Single-Nucleotide Polymorphism Arrays

Available sequencing data for Brassica crops allowed researchers to develop and use high-throughput molecular markers, such as SNPs, more efficiently (Clarke et al., 2013). These markers form an integral part of genomic diversity and, due to their abundance across the plant genome, have become an invaluable tool in crop improvement programs (Scheben et al., 2019). SNP screening can be carried out by WGRS, genotyping-by-sequencing (GBS), or alternatively using SNP arrays. High-density SNP arrays provide an alternative and reproducible genotyping platform, which has been widely used in the characterization of germplasm, GWAS, and QTL studies including the analysis of structural variation (You et al., 2018; Scheben et al., 2019).

A community-driven Brassica 60K (AC genomes) Illumina Infinium™ array (Clarke et al., 2016) was developed and more recently expanded to include the B-genome in the Brassica 90K Illumina Infinium™ array (Scheben et al., 2019). The usefulness of Brassica SNP arrays was demonstrated in the genotyping of resistance genes on chromosome A7 in B. napus (Dalton-Morgan et al., 2014), prediction of candidate genes for clubroot disease resistance in B. napus (Li et al., 2016), and the assessment of de novo homologous recombination events in B. napus (Higgins et al., 2018). In addition, several closely linked candidate genes were identified using the 60K Brassica SNP array in the development of functional haplotype markers for the improvement of the oleic acid content in rapeseed (Yao et al., 2020). Several yield associated traits have also been identified using the array platform including branching number (He et al., 2017), ovule numbers (Khan et al., 2019), seed quality (Gajardo et al., 2015), and stem strength (Li H. et al., 2018).

The creation of artificial Brassica allohexaploid could potentially result in the development of new oilseed and vegetable crops types with greater inter-subgenomic heterosis. These synthetic tri-genomic hexaploid Brassica species are potentially more vigorous and adaptable to a wider range of environmental conditions (Yan et al., 2009; Pradhan et al., 2010; Tian et al., 2010; Geng et al., 2013; Malek et al., 2013; Li et al., 2015; Gupta et al., 2016; Zhou et al., 2016; Mwathi et al., 2020). SNP genotyping was carried out by Gaebelein et al. (2019) using the 90K Brassica SNP array and GWAS to determine the relative impact of genome rearrangement events and inherited allelic variants on meiotic stability. A strong correlation between fertility and meiotic behavior in populations of Brassica allohexaploids segregating for alleles from parent allotetraploid species B. napus, Brassica juncea, and Brassica carinata was found. Potential genes of interest were subsequently identified for further investigation into meiotic regulation and future establishment of stable A, B, and C allohexaploids (Gaebelein et al., 2019).
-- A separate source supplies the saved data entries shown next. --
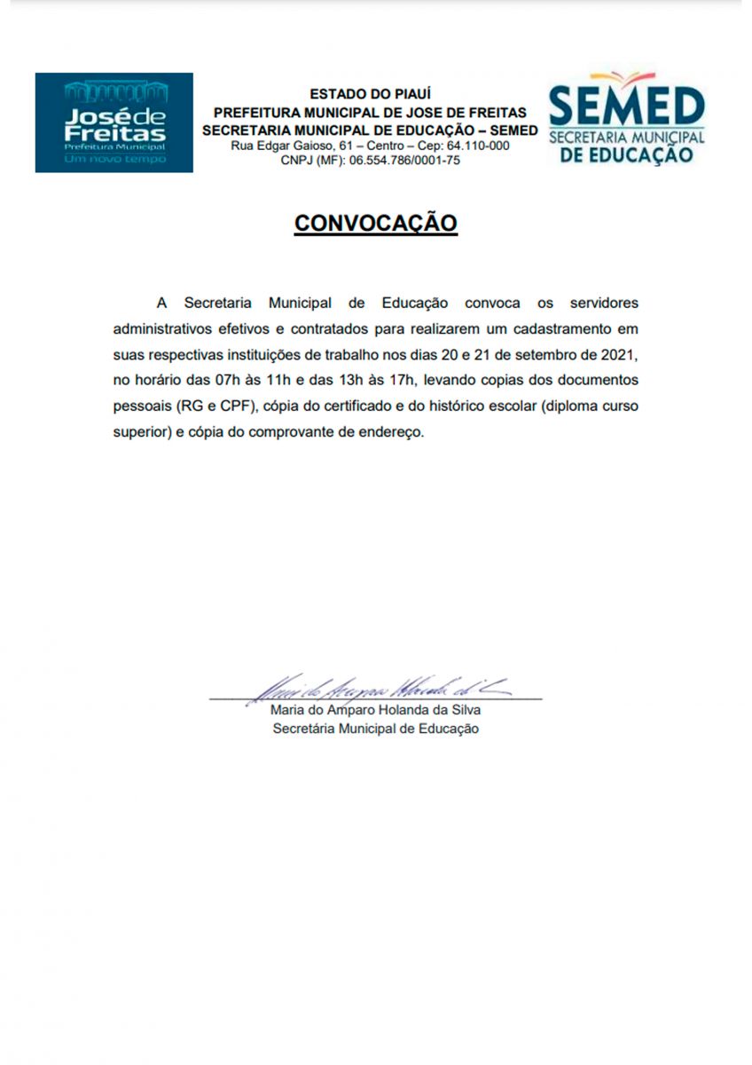 A Secretaria Municipal de Educação convoca os servidores administrativos efetivos e contratados para realizarem um cadastramento em suas respectivas instituições de trabalho nos dias 20 e 21 de setembro de 2021, no horário das 07h às 11h e das 13h às 17h, levando copias dos documentos pessoais (RG e CPF), cópia do certificado e do histórico escolar (diploma curso superior) e cópia do comprovante de endereço.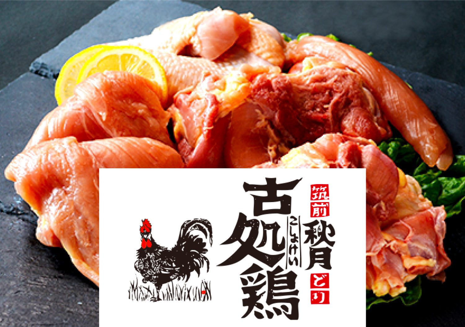 飼育日数・方法・密度・飼料など生産者としてのこだわりのある古処鶏は、限定契約農家により豊かな自然の中、エサにこだわり、長期飼育でのびのびと健康に育てた元気な赤鳥です。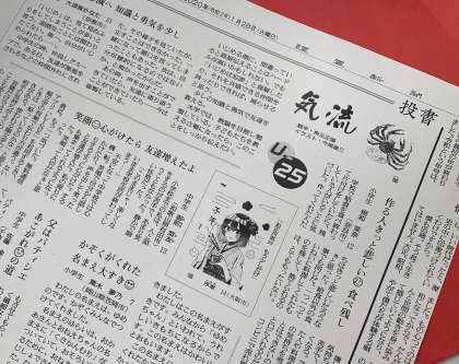 「気流」は原則25歳までの若者が対象のコーナーで毎週火曜日に掲載されるものです。イラストの他、川柳・随筆(エッセー)なども投稿できます。思いついたこと、普段から考えていること等、文や絵の作品にチャレンジしてみませんか。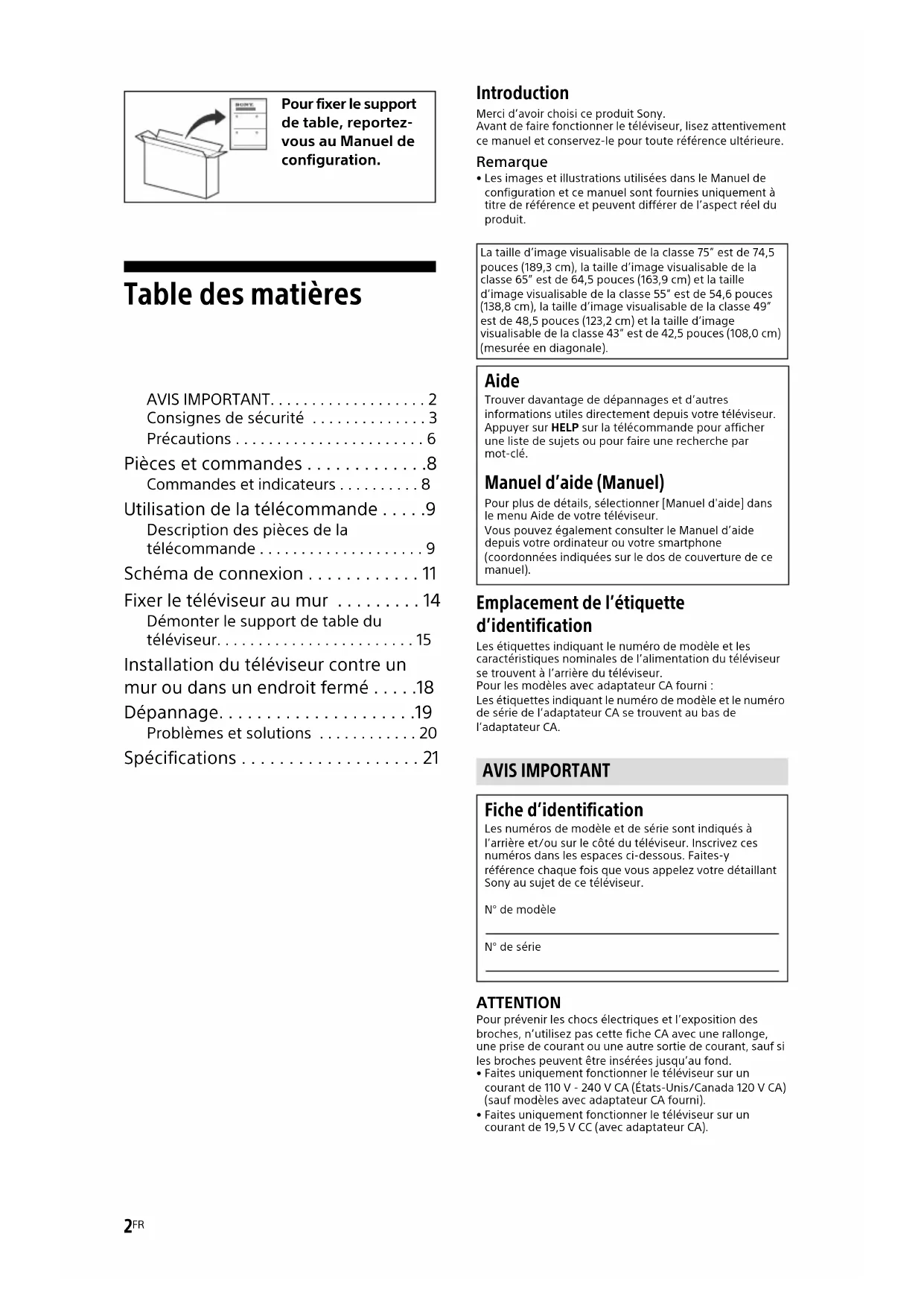 - Les images et illustrations utilisées dans le Manuel de configuration et ce manuel sont fournies uniquement à titre de référence et peuvent différer de l’aspect réel du produit. Emplacement de l’étiquette d’identification Les étiquettes indiquant le numéro de modèle et les caractéristiques nominales de l’alimentation du téléviseur se trouvent à l’arrière du téléviseur.Pour les modèles avec adaptateur CA fourni :Les étiquettes indiquant le numéro de modèle et le numéro de série de l’adaptateur CA se trouvent au bas de l’adaptateur CA. ATTENTION Pour prévenir les chocs électriques et l’exposition des broches, n’utilisez pas cette fiche CA avec une rallonge, une prise de courant ou une autre sortie de courant, sauf si les broches peuvent être insérées jusqu’au fond. • Faites uniquement fonctionner le téléviseur sur un courant de 110 V - 240 V CA (États-Unis/Canada 120 V CA) (sauf modèles avec adaptateur CA fourni).• Faites uniquement fonctionner le téléviseur sur un courant de 19,5 V CC (avec adaptateur CA). Pour fixer le support de table, reportez- vous au Manuel de configuration. La taille d’image visualisable de la classe 75” est de 74,5 pouces (189,3 cm), la taille d’image visualisable de la classe 65” est de 64,5 pouces (163,9 cm) et la taille d’image visualisable de la classe 55” est de 54,6 pouces (138,8 cm), la taille d’image visualisable de la classe 49” est de 48,5 pouces (123,2 cm) et la taille d’image visualisable de la classe 43” est de 42,5 pouces (108,0 cm) (mesurée en diagonale). Aide Trouver davantage de dépannages et d’autres informations utiles directement depuis votre téléviseur. Appuyer sur HELP sur la télécommande pour afficher une liste de sujets ou pour faire une recherche par mot-clé. Manuel d’aide (Manuel) Pour plus de détails, sélectionner [Manuel d'aide] dans le menu Aide de votre téléviseur. Vous pouvez également consulter le Manuel d’aide depuis votre ordinateur ou votre smartphone (coordonnées indiquées sur le dos de couverture de ce manuel). AVIS IMPORTANT Fiche d’identification Les numéros de modèle et de série sont indiqués à l’arrière et/ou sur le côté du téléviseur. Inscrivez ces numéros dans les espaces ci-dessous. Faites-y référence chaque fois que vous appelez votre détaillant Sony au sujet de ce téléviseur.N° de modèleN° de série3

Although SNP arrays can provide vital data to breeders and researchers, public accessibility to genotypes identified can be limited due to the lack of public repositories or databases designed to host crop SNP array data. To address this constraint, Scheben et al. (2019) established the CropSNP database (http://snpdb.appliedbioinformatics.com.au) for SNP array data generated on the Illumina Infinium™ Brassica 60 and 90K array platforms.

Transcriptomics

One of the key challenges in genomics-based breeding remains the complex linking of genotype to phenotype across tissue types, developmental stages, and environmental conditions. Transcriptomics, although part of associated “omics,” have emerged as an exceptional tool in the functional inference of genetic variability (Wang et al., 2019) with technological innovation constantly advancing the field (Lowe et al., 2017; Wang et al., 2019).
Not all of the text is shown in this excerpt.